▸ The problem: State how many lines in the entries below contain "PASTRY". Write nothing but the number.

Recorded data
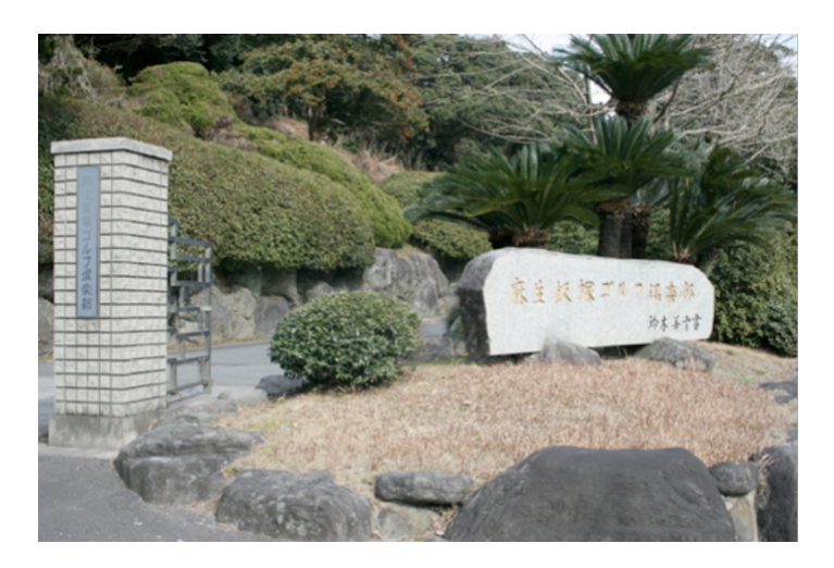
A view of the front gate at the Aso-Iizuka Golf Club, of which former Japanese prime minister Taro Aso is chairman. (Kim Hyo Soon)

A map of such burial sites for the dead of Yoshikuma Mine without surviving family, drafted by Aso Mining for internal use, was filled with records of where remains were located. It indicated there were no fewer than 504 sets of remains. Thirty-three had stone markers, twenty-one had wooden markers, and the remaining 450 had no markers at all. The map was never disclosed by Japanese media. It is now almost impossible to determine the identity of the remains, since any materials that might provide a clue are no longer extant. Nearly all of the Japanese who did physical labor in mines during the Japanese Empire were from the lower class. Second and third sons of poor farming villages without rice paddies to inherit went to work at the mines if they had no better means of survival. A number of them were burakumin, subject to discrimination from society. When people died, those who had no one to take their remains were simply buried in the ground. Even if there was an intention to cremate them, the high price of coal resulted in their effective abandonment.
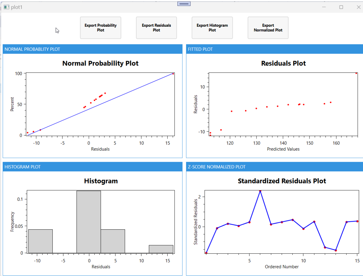
Fig1 – Residuals Plot
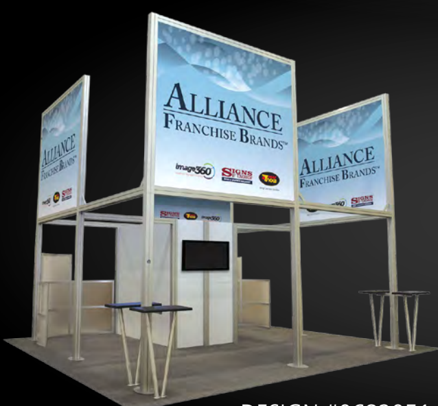
DESIGN #0682051 R-HP-K-19
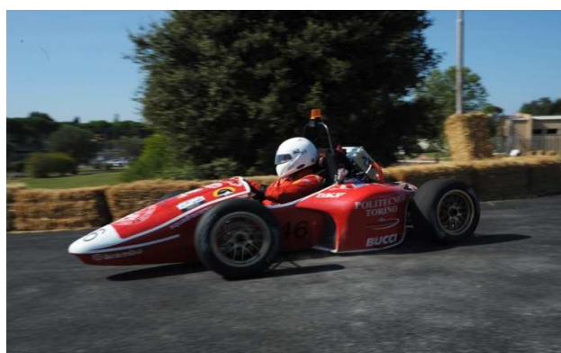
Figure 2: Squadra Corse car during the competition
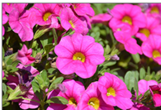
Unique Pink Calibrachoa flowers
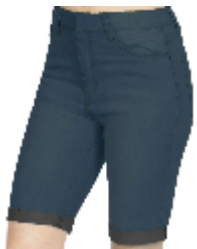
Additional length for fitted shorts
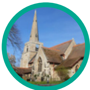
Stretham St James Page 14
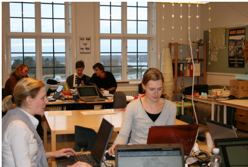
The premises of BTH are spacious and offer a view of the Baltic sea. Image Ulla Haglund Dec 2009

Lunches are offered at campus during the three days as part of the workshop, essential to get the groups going and staying together. Also participating scholars are invited. Final party organised by BTH students.
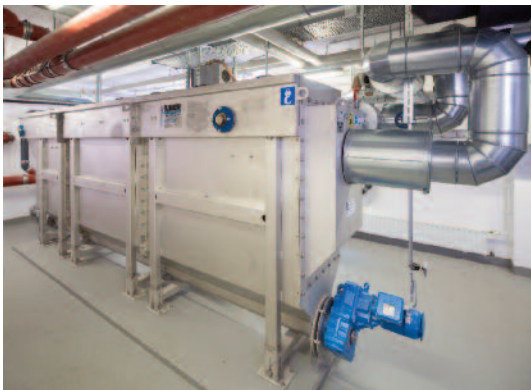
HUBER Heat Exchanger RoWin at Klinikum rechts der Isar
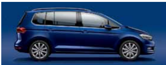
Atlantic Blue^ "metallic paint", H7H7
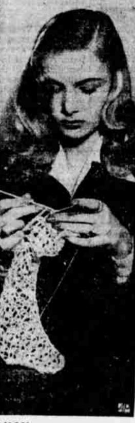
BUSY —Between scenes on a movie lot in Hollywood, Veronica Lake, the tiny blonde who may popularize that shoulder-length hair bob again, keeps busy with a personal assignment of crocheting handwork. Says she finds it helps relax her nerves.
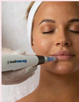
Collagen Induction Therapy
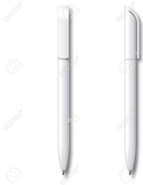
T WO PENS
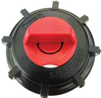
570Z & 570ZLP
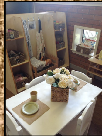
Our home corner
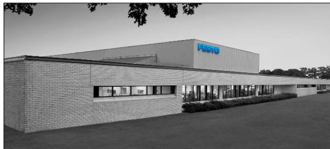
East: 395 Moreland Road, Hauppauge, NY 11788
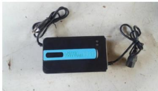
Figure 5. Wall Charger.

5. Battery charger. The battery charger is a device which is used to put energy into a rechargeable battery by forcing an electric current through it. This charger takes the electric current from the main supply and is connected to a charger plug of a controller which supplies the flow of current to the battery. This wall charger can charge the pack of 4 batteries connected in series in 5-7 hours.
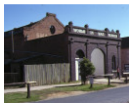
shackells bond store echuca side view may1979
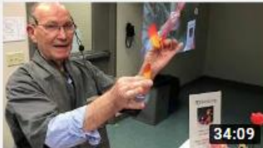
Roses for a Pretty Lady
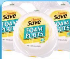
Always Save Foam Plates 40 Ct., 8 7/8 Inch
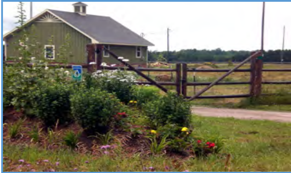
Light of Day Farm • Traverse City, MI
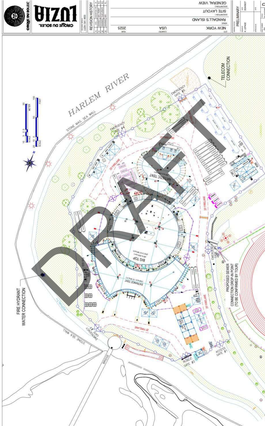
EXHIBIT A LICENSED PREMISES
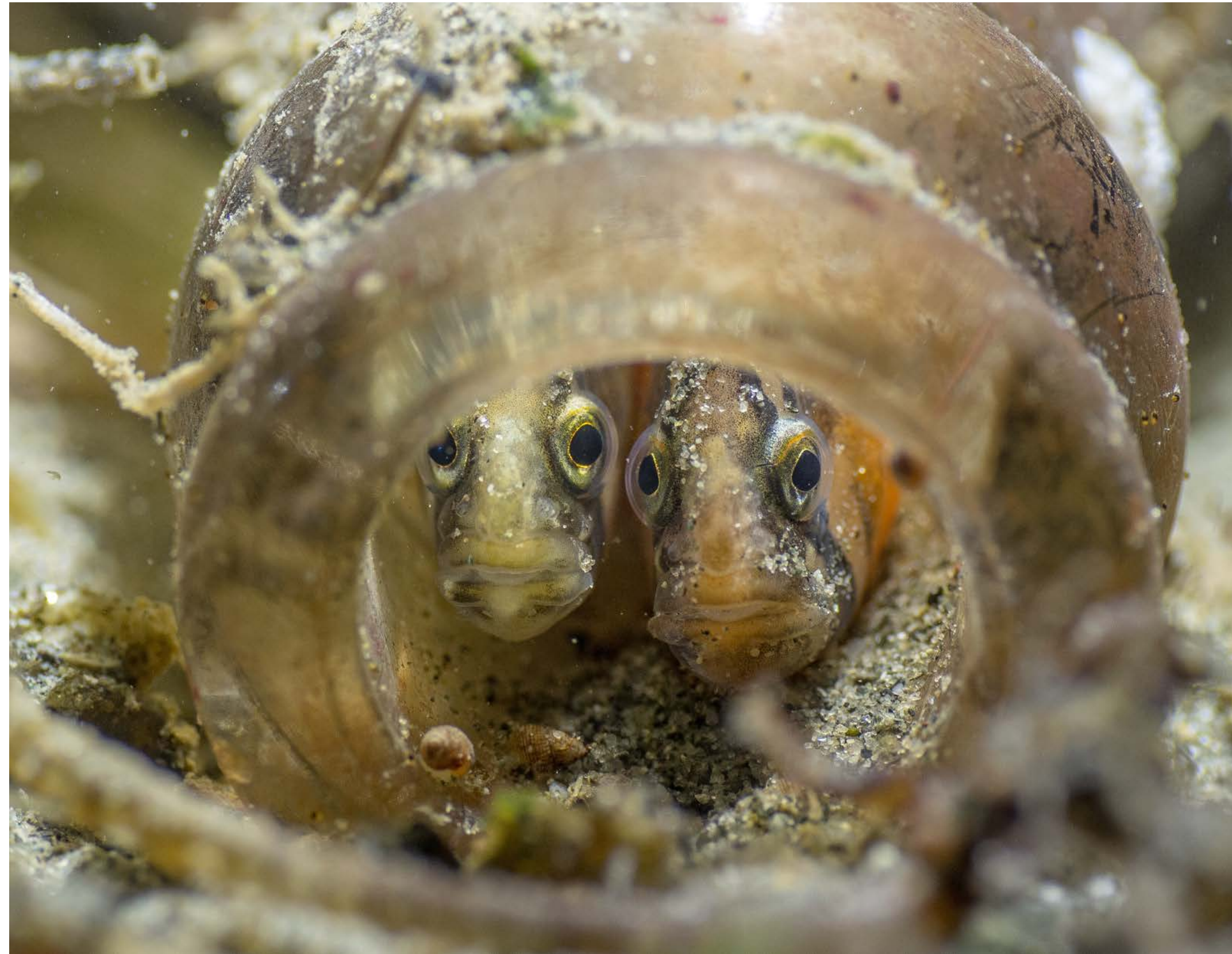
Professional Vote: "He's Still Out There Marge" Photographed in Hood Canal, Washington
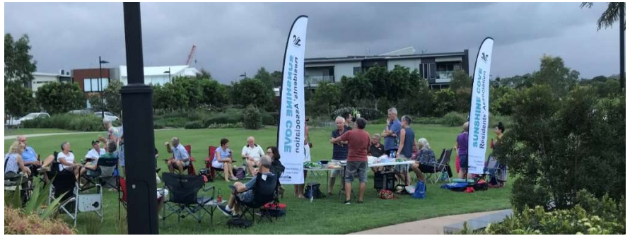
Photo from the recent SCRA Fridays in the Park, it was great to see so much support for the community.

As you may be aware, the Sunshine Coast Regional Council has a Group who meet every 6 months to monitor the performance of the gardeners within Sunshine Cove. At each meeting, the Council tables a landscaping performance report on a section of Sunshine Cove and ranks the performance of the gardeners. This report is discussed as well as any other landscaping matters that people bring forward. The Group is in need of additional representation from the Sunshine Cove Residents, preferably one from each area. If this is something you may be interested in, please email the SCRA to express your interest.
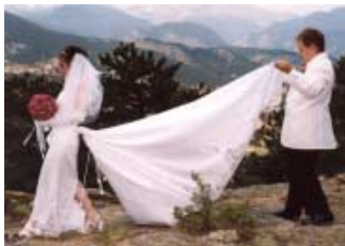
...in the highlands

We direct and prepare anything, from a Hi-Tech to a very Romantic style wedding, anyplace you choose from a hotel ballroom to a paradise beach of one of the Aegean Islands.
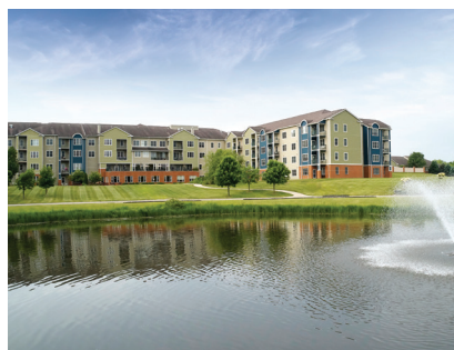
Deerfield 13731 Hickman Road Urbandale, IA 50323
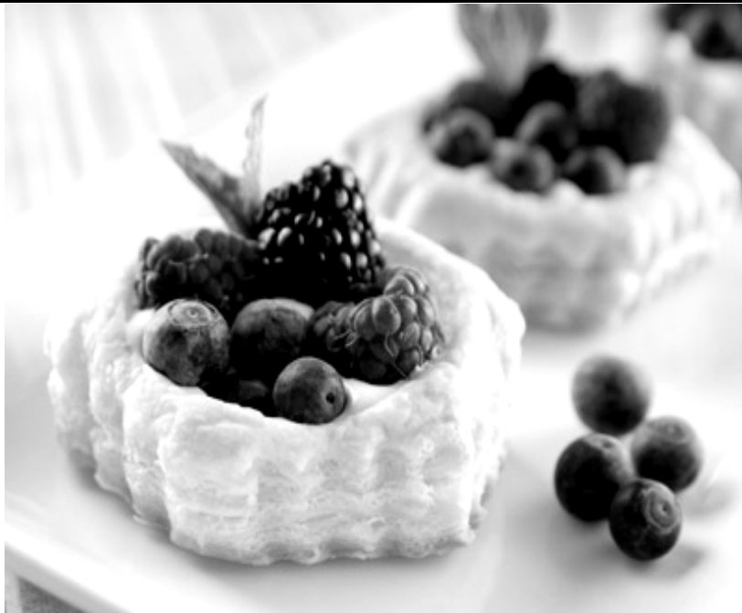
B. PASTRY CASE

4.1.1 Compare PASTRY A and PASTRY B under the following headings:
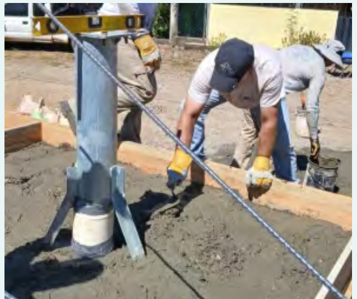
Reaching an underground aquifer at 32 meters, the team proceeds with safety checks and treatment before finalizing the project with a hand pump installation.
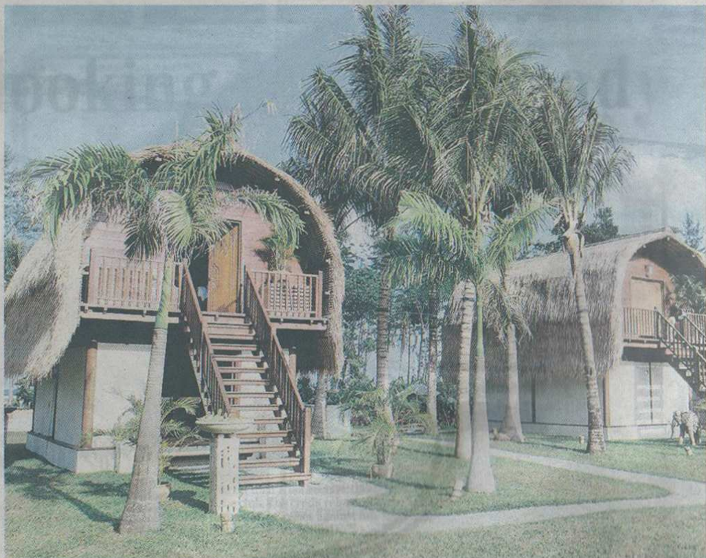
The exclusive villas in Kudat Riviera are targeted at high-end investors and holiday-makers who are seeking a luxury getaway in a tropical paradise.

"It will be interesting to see this growth, and we only hope that the ensuing developments will be environmentally and culturally responsible to ensure that Sabah's rich heritage is not impacted by a big
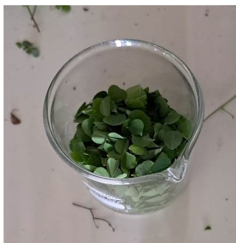
Rhynchosia Minima Plant & Their Leaves
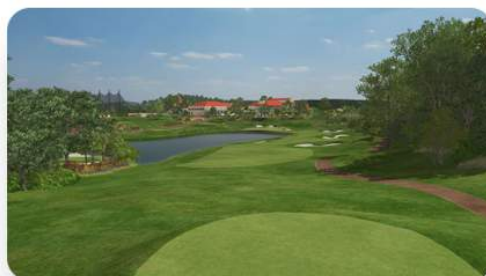
Kuala Lumpur West
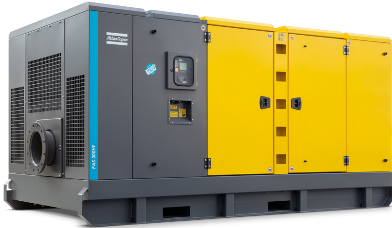
Indicative picture of the product

Diesel - Qmax 2,160 m 3 /h (9,510 USgpm) - Hmax 71 m (233 ft)
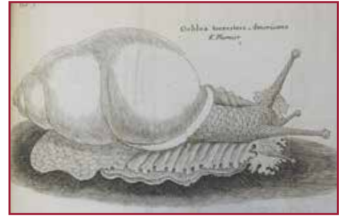
Snail illustration from Martin Lister's A Journey to Paris in the year 1698 .

Letters on natural magic addressed to Sir Walter Scott. New York, 1832.
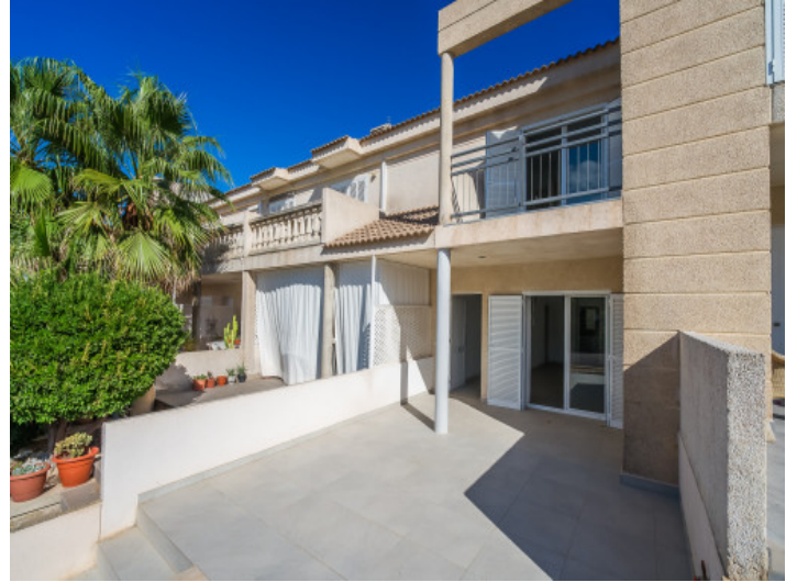
Front terrace and access to the house
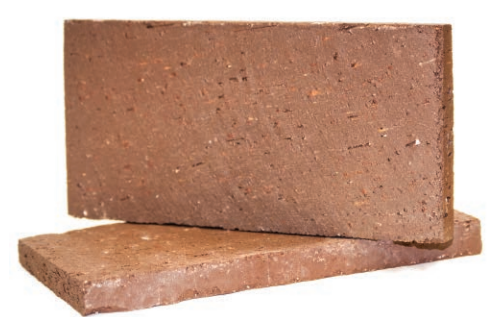
Traditional Edge PaverTile
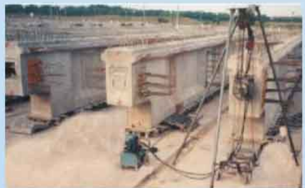
Fabrication Steel Form work Tanjung Priok - Pluit Toll Road - Jakarta
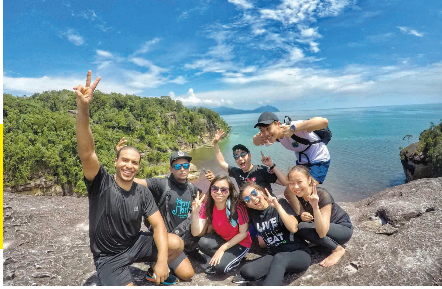
Explore the outskirts of Kuching within a day
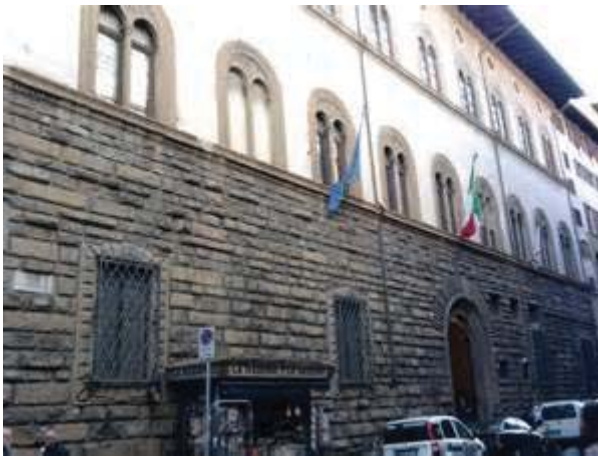
De' Pazzi Palace, Florence
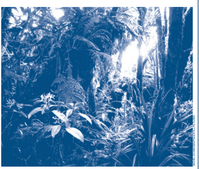
The ITTO is expanding its scope and objectives, but maintaining its niche in tropical forest management.

The first International Tropical Timber Agreement (ITTA) adopted in 1983 was designed to pursue a balance between developmental and environmental objectives. The ITTO has since extended its membership, its
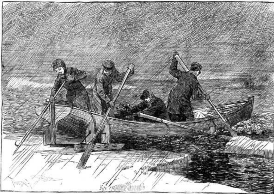
"TRY TO STEADY HER!"

One stroke of Tug's arm parted one of the bands, and he raised his hatchet for the second one, for there were two straps forward. As it descended, Aleck drew his pocket-knife across the strained band astern, which parted with a loud ripping noise. The idea was that both straps should be severed at the same instant; but in the darkness Tug partly missed his aim, and the poor boat, held to the sledge by a single strap, began to yaw and jerk and ship water in a most alarming manner—a strain she could not have borne one moment had not the half-cut band of canvas broken, setting the boat free. Aleck had intended to hold to the strap and take the sledge aboard; but this struggle, which came so near wrecking them all, wrenched it out of his hand, and the first wave washed the bobs beyond recovery—a loss whose full force did not strike them at once, for they had too much else to think of.
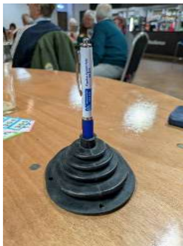
And a useful pen holder purchased at the auction!
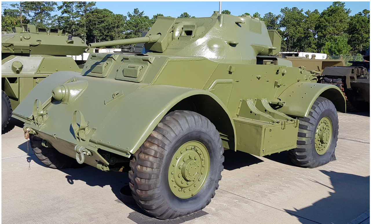
David Hobbs, September 2018

▸ Task solution: 2